The authors note that replication of these findings will be necessary in independent cohorts. If confirmed, these findings may shed new light on the immune attack on the brain and spinal cord in MS. The HLA-C gene family instructs molecules that interact with natural killer cells --a group of immune cells that home in on and kill viral and cancer cells that have invaded the body. Some research suggests that these cells may play a protective role in MS.

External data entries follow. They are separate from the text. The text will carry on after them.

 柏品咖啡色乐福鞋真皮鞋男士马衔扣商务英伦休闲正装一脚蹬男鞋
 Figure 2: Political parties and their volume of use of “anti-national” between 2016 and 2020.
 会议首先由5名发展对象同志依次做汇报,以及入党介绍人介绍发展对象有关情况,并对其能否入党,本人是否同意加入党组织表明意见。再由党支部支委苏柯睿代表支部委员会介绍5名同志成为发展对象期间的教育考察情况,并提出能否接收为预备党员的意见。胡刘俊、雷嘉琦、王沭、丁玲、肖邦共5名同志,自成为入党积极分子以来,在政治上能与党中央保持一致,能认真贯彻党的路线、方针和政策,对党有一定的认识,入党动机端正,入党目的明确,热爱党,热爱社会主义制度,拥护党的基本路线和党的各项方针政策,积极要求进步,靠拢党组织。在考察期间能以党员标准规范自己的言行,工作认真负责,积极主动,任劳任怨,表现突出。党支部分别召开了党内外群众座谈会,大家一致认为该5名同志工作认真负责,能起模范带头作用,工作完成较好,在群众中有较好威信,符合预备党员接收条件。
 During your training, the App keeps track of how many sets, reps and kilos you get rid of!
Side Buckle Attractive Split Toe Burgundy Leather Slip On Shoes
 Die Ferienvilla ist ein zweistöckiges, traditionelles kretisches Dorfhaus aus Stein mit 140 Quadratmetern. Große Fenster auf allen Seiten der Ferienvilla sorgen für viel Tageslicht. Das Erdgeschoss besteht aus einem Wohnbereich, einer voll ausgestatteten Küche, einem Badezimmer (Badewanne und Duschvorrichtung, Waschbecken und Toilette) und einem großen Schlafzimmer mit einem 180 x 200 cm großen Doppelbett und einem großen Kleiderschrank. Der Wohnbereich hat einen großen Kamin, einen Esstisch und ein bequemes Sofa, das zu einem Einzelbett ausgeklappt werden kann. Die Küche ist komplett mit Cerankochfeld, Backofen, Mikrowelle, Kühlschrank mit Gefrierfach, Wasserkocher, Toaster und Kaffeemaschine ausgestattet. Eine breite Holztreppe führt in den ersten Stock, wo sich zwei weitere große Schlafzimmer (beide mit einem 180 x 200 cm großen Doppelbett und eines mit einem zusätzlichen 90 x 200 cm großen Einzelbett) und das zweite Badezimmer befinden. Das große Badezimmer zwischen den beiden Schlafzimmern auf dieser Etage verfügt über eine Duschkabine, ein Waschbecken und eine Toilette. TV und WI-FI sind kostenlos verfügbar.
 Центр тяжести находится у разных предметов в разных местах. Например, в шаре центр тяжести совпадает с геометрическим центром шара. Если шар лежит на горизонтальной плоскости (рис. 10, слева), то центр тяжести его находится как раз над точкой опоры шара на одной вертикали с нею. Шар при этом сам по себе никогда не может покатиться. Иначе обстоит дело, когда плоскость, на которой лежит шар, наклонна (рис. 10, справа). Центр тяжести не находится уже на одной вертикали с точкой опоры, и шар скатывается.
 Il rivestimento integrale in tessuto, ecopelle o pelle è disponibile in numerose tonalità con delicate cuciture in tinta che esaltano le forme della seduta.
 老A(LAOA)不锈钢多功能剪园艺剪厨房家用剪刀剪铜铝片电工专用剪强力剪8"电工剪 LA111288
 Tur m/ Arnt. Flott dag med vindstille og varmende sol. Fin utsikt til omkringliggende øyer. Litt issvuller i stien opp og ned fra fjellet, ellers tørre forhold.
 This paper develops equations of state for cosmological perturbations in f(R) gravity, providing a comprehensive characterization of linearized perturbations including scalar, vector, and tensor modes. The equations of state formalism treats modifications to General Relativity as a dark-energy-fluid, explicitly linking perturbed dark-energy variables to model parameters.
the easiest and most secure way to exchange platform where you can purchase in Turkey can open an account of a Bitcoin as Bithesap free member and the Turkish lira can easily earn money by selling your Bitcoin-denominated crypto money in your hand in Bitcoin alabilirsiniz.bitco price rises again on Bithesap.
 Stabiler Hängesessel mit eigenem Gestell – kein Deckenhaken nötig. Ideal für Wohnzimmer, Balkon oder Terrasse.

This IMSGC includes Dr. Hafler, Dr. Stephen Hauser (UCSF), Dr. Eric Lander (Broad Institute of MIT and Harvard), Drs. Alistair Compston and Stephen Sawcer (University of Cambridge), Drs. Jonathan Haines (Vanderbilt University) and Margaret Pericak-Vance (Duke University), Dr. Jorge Oksenberg (UCSF), and others. This multinational effort allows the researchers to compile information on numerous patients, enhancing the statistical power of their findings.
The IMSGC is currently mapping the genome (all of the genetic material within humans) of MS using a DNA chip that enables investigators to test 500,000 individual genetic locations at one time for possible involvement in MS. The Society committed $1.1 million to jump-start this effort, and joined with Harvard to raise a total of $3.63 million to complete the project. The results are expected to be presented at a scientific meeting this year.